Now that the cat is out of the bag about the whites running I thought I would make a post on whitebass. Went again this morning for whites and they did not let me down except they didn't want in the boat. Sometimes I lost 5 or 6 before I could get one in the boat. They were striking the little crank bait out of anger I guess. I did manage to land a limit. Picture has 20 in it and 5 went to a neighbor. Started the new year off on a good note. It was an awesome morning to be on the water. Not cold or hot, it was just right. Caught a couple nice crappie and 3 blackbass. One black was a little better than 4 pounds. I let the green trash fish go back. I like mornings like this that you don't have to get up early. On the water around 8:am.


----------



## John_B_1 (Jan 28, 2011)

It's awesome to see them, my wife and I were in the kayaks that passed by.


----------



## Mattsfishin (Aug 23, 2009)

Next time remind this old man who you are and I will help you with the lure selection. Good to see ya'll out today. It was really nice out.
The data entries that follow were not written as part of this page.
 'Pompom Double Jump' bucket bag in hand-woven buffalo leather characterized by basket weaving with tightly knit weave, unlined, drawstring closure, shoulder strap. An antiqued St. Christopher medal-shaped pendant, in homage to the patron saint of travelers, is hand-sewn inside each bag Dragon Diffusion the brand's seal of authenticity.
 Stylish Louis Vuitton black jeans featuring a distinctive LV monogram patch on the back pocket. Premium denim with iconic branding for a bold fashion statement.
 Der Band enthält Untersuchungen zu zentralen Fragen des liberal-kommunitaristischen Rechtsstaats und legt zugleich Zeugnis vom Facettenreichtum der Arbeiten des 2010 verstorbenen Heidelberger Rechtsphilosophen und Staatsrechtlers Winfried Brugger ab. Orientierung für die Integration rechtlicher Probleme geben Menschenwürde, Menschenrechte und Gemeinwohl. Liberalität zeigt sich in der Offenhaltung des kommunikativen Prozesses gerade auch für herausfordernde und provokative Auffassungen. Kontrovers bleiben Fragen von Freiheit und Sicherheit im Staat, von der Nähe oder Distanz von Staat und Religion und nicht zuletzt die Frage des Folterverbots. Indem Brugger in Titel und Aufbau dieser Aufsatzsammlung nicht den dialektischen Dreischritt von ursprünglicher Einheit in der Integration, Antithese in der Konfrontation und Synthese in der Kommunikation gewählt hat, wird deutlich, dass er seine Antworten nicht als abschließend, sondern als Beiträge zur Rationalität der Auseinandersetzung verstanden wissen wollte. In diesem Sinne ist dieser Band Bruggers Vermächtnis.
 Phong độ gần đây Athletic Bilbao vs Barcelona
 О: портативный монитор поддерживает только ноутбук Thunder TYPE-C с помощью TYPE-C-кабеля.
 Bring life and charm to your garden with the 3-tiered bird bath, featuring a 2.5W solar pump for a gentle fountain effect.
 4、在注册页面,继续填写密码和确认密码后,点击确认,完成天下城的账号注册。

Well so much for going somewhere where I would not be seen. LOL :rotfl:


----------



## John_B_1 (Jan 28, 2011)

I just put both of your reports together and figured it was you. I ended with 17 crappie and she ended with 8. All caught on the feather jigs I've been tying.


----------



## dbullard1 (Jun 29, 2016)

nice job Matt.


----------



## Ducktracker (Aug 1, 2011)

WTG


Good fishing to all!


----------



## SeaOx 230C (Aug 12, 2005)

Good box of fish Matt!!!!!


----------



## Bankin' On It (Feb 14, 2013)

Nice job Matt


Sent from my iPhone using Tapatalk


----------



## hopn (Jul 5, 2012)

Great to see you out on the water Matt. No one pulls them into the cooler faster than you.


----------



## whsalum (Mar 4, 2013)

Nice job Matt, still wanna make a run up the river with ya if you are ever going solo


----------



## Yakety_Yak (Aug 10, 2014)

Where did all this wonderful madness take place at?


----------